是了,摘星楼。
她所有的注意力,都放在阿棠的莽撞、沈渡川当街闹事的反常上,竟从未认真琢磨过,这栋在短短十年间就成了京城顶流的花楼,本身就处处透着不对劲。
十五岁的小姑娘对风月场好奇,阿棠之前就多次同南时说过摘星楼。
更是碎碎念过不少摘星楼的传闻,那时她只当是小姑娘家的闲话,左耳进右耳出,此刻一桩桩一件件翻出来,竟处处都是破绽。
阿棠说过,摘星楼和别的秦楼楚馆都不一样。
别家青楼,要么是卖笑卖身的销金窟,要么是只接待文人雅士的清茶馆,泾渭分明。
可摘星楼却把客人分得清清楚楚。
——一楼大堂只做散客生意,一碗茶钱就能听一下午的曲,寻常百姓、落第举子都能进;
二楼是雅间,专供世家公子、富商大贾宴客,规矩森严,绝不允许闲杂人等打扰;
三楼更是神秘,据说非身价巨万、权柄在握者不得入内。
南时的眉尖轻轻蹙了起来。
大周开国百年,青楼酒肆的营生从没人这么做过。
就像市井里的杂货铺和世家专属的绸缎庄,从来都是各做各的生意,哪有把下里巴人和阳春白雪拢在同一栋楼里的道理?不怕得罪了贵客,也不怕坏了自己的名声?

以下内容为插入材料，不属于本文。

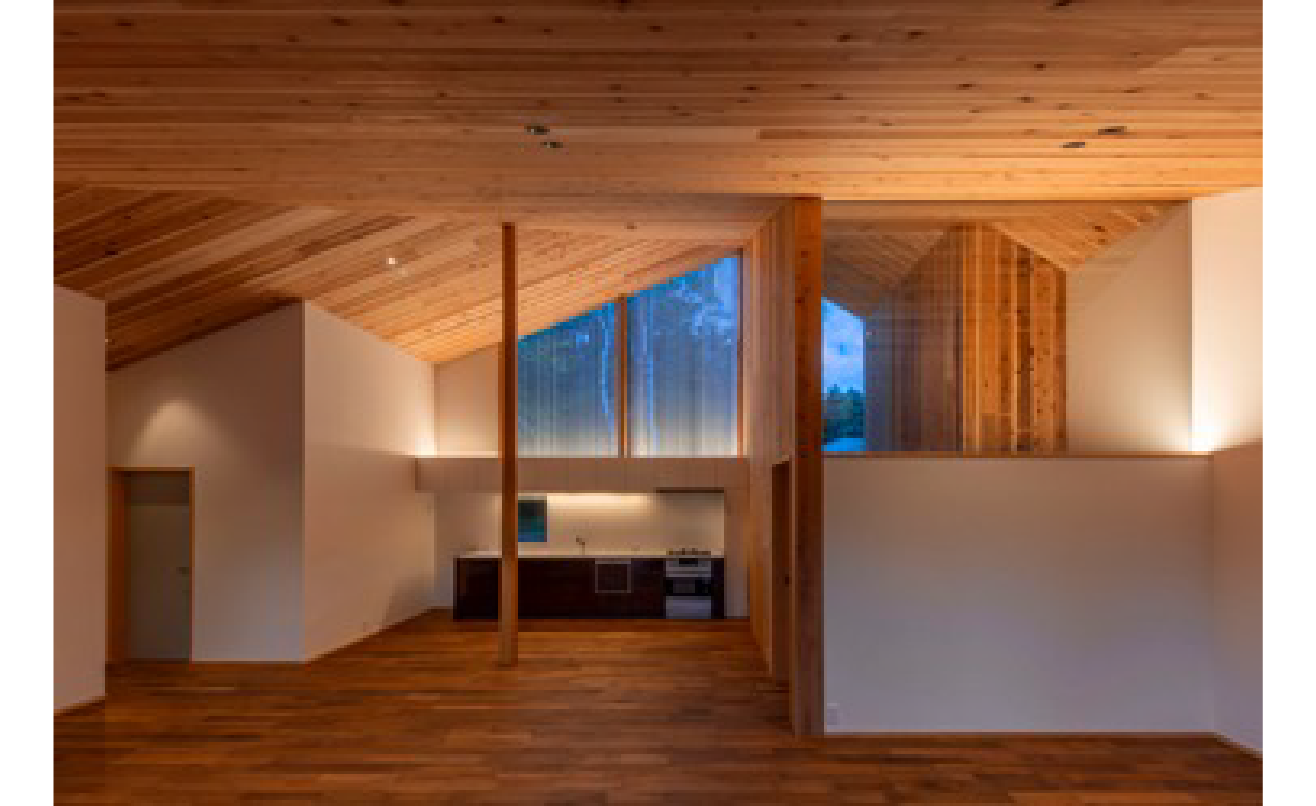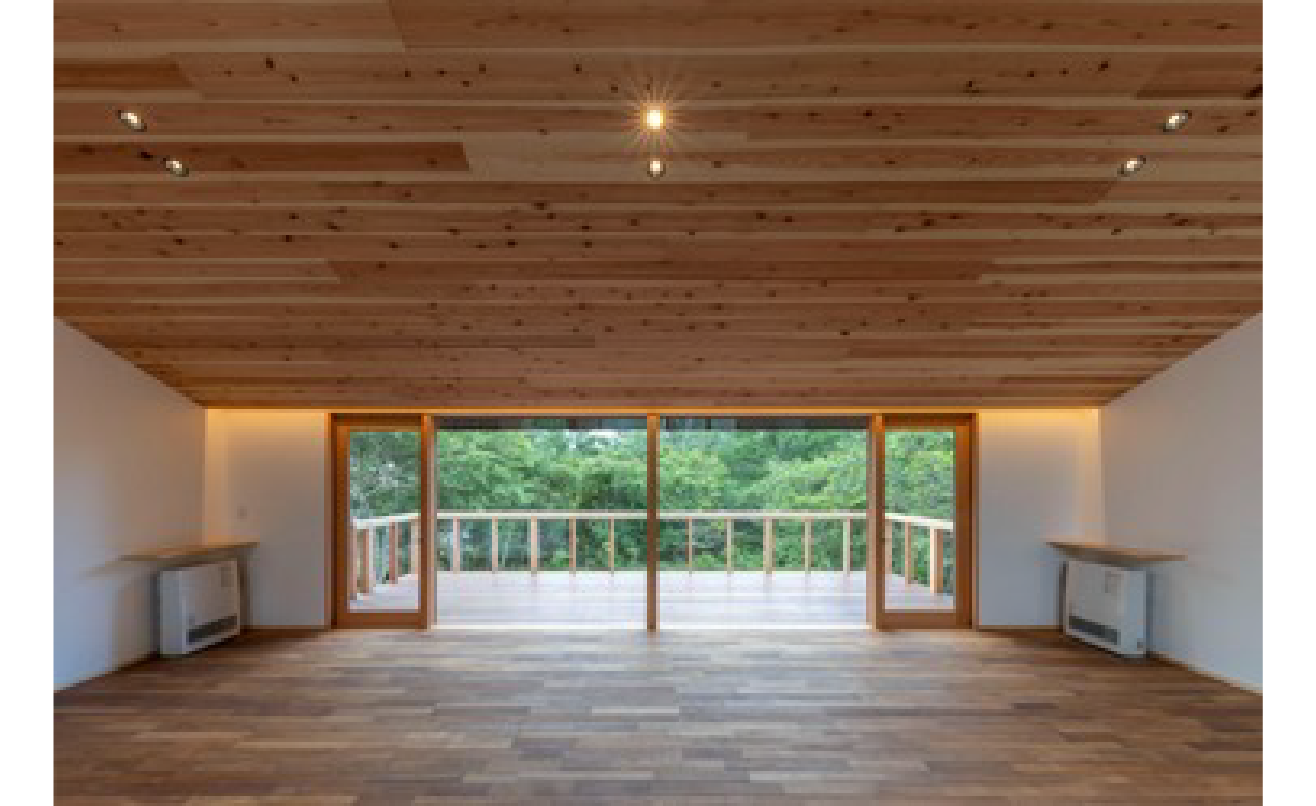 ここにあるのは、自然と距離を置くのではなく、距離を整えるための別荘。森の静けさと山の眺めがやわらかく暮らしに寄り添い、訪れる人の時間を穏やかにほどくような住まいとなっています。

可摘星楼就这么做了,还做得极好。一楼的散客给它攒足了市井人气,二楼的雅间给它赚足了真金白银,三楼的私院更是给它垒起了旁人碰不得的人脉壁垒。
这哪里是青楼的经营法子?这分明是……
南时的呼吸微微一顿。
这是用户分层。
是现代最常见的商业逻辑。
把不同消费能力、不同需求的客户分开,用最低的成本覆盖最广的人群,赚最多的钱,还能攒下最稳的名声。
一个土生土长的古代人,哪怕是天纵奇才,也绝不可能凭空想出这样的法子。更何况,摘星楼是十年前开起来的,十年前,沈渡川才八岁。
八岁的孩子,就算是重生的,带着上辈子古代人的记忆,也想不出这样的营生模式。
除非……他的上辈子,根本就不是这个世界的人。
——沈渡川真是穿越的。
南时的指尖微微收紧,蔷薇花瓣上的尖刺轻轻扎了她一下,细微的痛感让她瞬间清醒了几分。